OMG...how creepy was that!!  I bet Clint was in heaven seeing himself all over like that.  I think he loves himself a wee bit too much.  
	

	
	
		
		

		
		
	


	




I felt sorry for Jesse though.  I swear I thought he was going to lose it if one more person told him how famous and rich his wife was.  It started to sound like he was a loser and was sooo lucky that she had graced him with her presence.  I give him credit for not freakin' out!!


----------



## Pizzicata (May 11, 2009)

Quote:

   Originally Posted by *Makeup Emporium* 

 
_I felt sorry for Jesse though.  I swear I thought he was going to lose it if one more person told him how famous and rich his wife was.  It started to sound like he was a loser and was sooo lucky that she had graced him with her presence.  I give him credit for not freakin' out!!_

 
I know, that was really tacky.  They didn't treat him like he was worth anything aside from being Mr. Sandra Bullock.  If thats how its going to be why don't they just have celebrity spouses then?   

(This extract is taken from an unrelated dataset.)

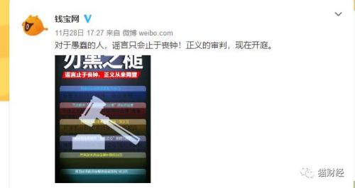 今年11月28日,钱宝网又发微博表示:“对于愚蠢的人,谣言只会止于丧钟!正义的审判,现在开庭。”张小雷回复:“贫穷的解放者,苦难的终结者,正义的守望者,信仰的殉道者。今天,还要再加上一条,谣言的送葬者!黑心的自媒们,坐上被告席的时候,祈祷自己别尿裤子吧。 ”
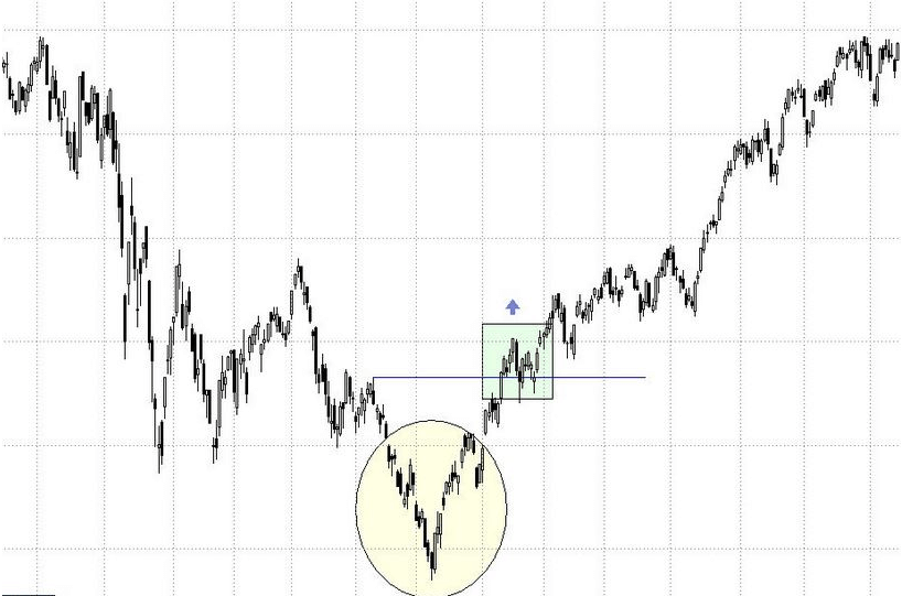 Respecto al tema del volumen, decir que cuando se forma el suelo de mercado, es decir, cuando el precio llega al final de la caída, se produce un aumento fuerte del volumen que se confirma también con el inicio de la tendencia alcista y las posteriores subidas del precio.

I also didn't like how Trump shut him down after he told Dennis Rodman "If you weren't so stupid, you'd know I did it [brought to light D.R.'s drinking problem] because I care about you."  Its like intervention.  Trump probably doesn't understand that problems like that can't be fixed by telling people they are "just great" and "amazing" over and over.  Yet he still booted Khloe Kardashian for a D.U.I. from ages ago.  

The show is now "Donald Trump's my new bff"

Trump looked way orange.  I don't know if I can stand anymore Trump ever.  His condo complex in Vegas is ugly, too.


----------



## April47 (May 14, 2009)

Quote:

   Originally Posted by *TISH1127* 

 
_I liked Jesse to...But honestly he didn't do anything to warrant him staying IMO...thru the entire game...ever_

 
I know, I know... But he was just so freaking cute. And funny!! He reminds me of Garth Algar (Wayne's World) Lol.

I really thought Annie should have won. Joan?? Really?? That pissed me off. However, it was funny to see Annie almost clap and get excited for her victory only to be fired. LOL.


----------



## MzzRach (May 14, 2009)

Annie was robbed.  She deserved to win.


----------



## Kalico (May 14, 2009)

I think it might have been the charity. Perhaps Donald didn't want the money going out of the country so he picked Joan over Annie. Whatever it was, they were seriously reaching. It was a total joke the way they were priding Joan on her tenacity. That was about all she had going for it even though it made her a loose cannon. Which they conveniently ignored.

Annie should have won.


----------